The data ::
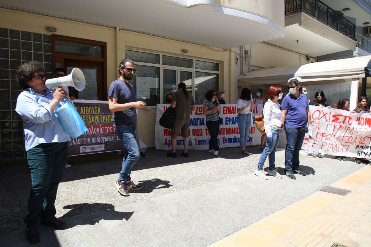 Στο Ηράκλειο πραγματοποιήθηκε συγκέντρωση διαμαρτυρίας στην Περιφερειακή Διεύθυνση Εκπαίδευσης Κρήτης, στις 12 το μεσημέρι, με αίτημα την απόσυρση της τροπολογίας. Ωστόσο κινητοποιήσεις πραγματοποιήθηκαν τόσο σε Χανιά, Ρέθυμνο, Λασίθι, όσο και σε όλη την Ελλάδα.
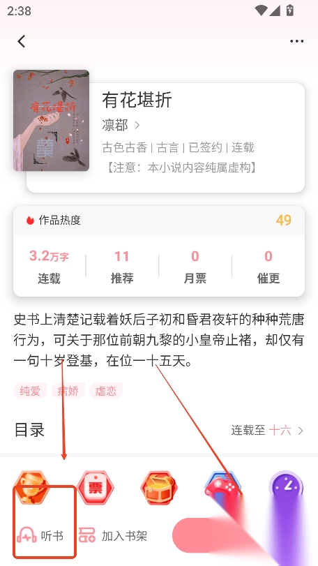 进入喜欢的小说界面,点击立即阅读,可以阅读,点击听书,就可以开始听书啦
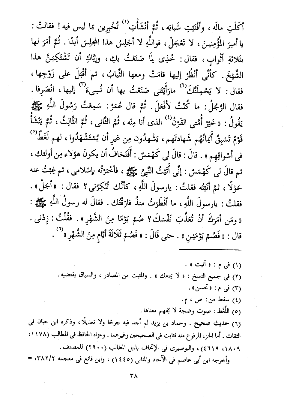 ثُمَّ أَقْبَلَ عَلَى زَوْجِهَا، فَقَالَ: لاَ يَحْمِلَنَّكَ مَا رَأَيْتَنِي صَنَعْتُ بِهَا أَنْ تُسِيءَ إِلَيْهَا، انْصَرَفَا، فَقَالَ الرَّجُلُ: مَا كُنْتُ لأَفْعَلَ، ثُمَّ قَالَ عُمَرُ: سَمِعْتُ رَسُولَ اللهِ صَلَّى الله عَلَيْهِ وَسَلَّمَ يَقُولُ: خَيْرُ أُمَّتِي الْقَرْنُ الَّذِي أَنَا مِنْهُ، ثُمَّ الثَّانِي، ثُمَّ الثَّالِثُ، ثُمَّ يَنْشَأُ قَوْمٌ تَسْبِقُ أَيْمَانُهُمْ شَهَادَتَهُمْ يَشْهَدُونَ مِنْ غَيْرِ أَنْ يُسْتَشْهَدُوا، لَهُمْ لَغَطٌ فِي أَسْوَاقِهِمْ، قَالَ: قَالَ لِي كَهْمَسٌ: أَفَتَخَافُ أَنْ يَكُونَ هَؤُلاَءِ مِنْ أُولَئِكِ، ثُمَّ قَالَ لِي كَهْمَسٌ: إِنِّي أَتَيْتُ النَّبِيَّ صَلَّى الله عَلَيْهِ وَسَلَّمَ فَأَخْبَرْتُهُ بِإِسْلاَمِي، ثُمَّ غِبْتُ عَنْهُ حَوْلاً، ثُمَّ أَتَيْتُهُ، فَقُلْتُ: يَا رَسُولَ اللهِ كَأَنَّكَ تُنْكِرُنِي؟ فَقَالَ: أَجَلْ فَقُلْتُ: يَا رَسُولَ اللهِ، مَا أَفْطَرْتُ مُنْذُ فَارَقْتُكَ، فَقَالَ لَهُ رَسُولُ اللهِ صَلَّى الله عَلَيْهِ وَسَلَّمَ: وَمَنْ أَمَرَكَ أَنْ تُعَذِّبَ نَفْسَكَ، صُمْ يَوْمًا مِنَ الشَّهْرِ، فَقُلْتُ: زِدْنِي قَالَ: فَصُمْ يَوْمَيْنِ، حَتَّى قَالَ: فَصُمْ ثَلاَثَةَ أَيَّامٍ مِنَ الشَّهْرِ.

Work order ::
Everything from the first line of the listing above through the line that contains "进入喜欢的小说界面,点击立即阅读,可以阅读,点击听书,就可以开始听书啦" is to be restated word for word, minus the pictures.

Response area ::
 Στο Ηράκλειο πραγματοποιήθηκε συγκέντρωση διαμαρτυρίας στην Περιφερειακή Διεύθυνση Εκπαίδευσης Κρήτης, στις 12 το μεσημέρι, με αίτημα την απόσυρση της τροπολογίας. Ωστόσο κινητοποιήσεις πραγματοποιήθηκαν τόσο σε Χανιά, Ρέθυμνο, Λασίθι, όσο και σε όλη την Ελλάδα.
 进入喜欢的小说界面,点击立即阅读,可以阅读,点击听书,就可以开始听书啦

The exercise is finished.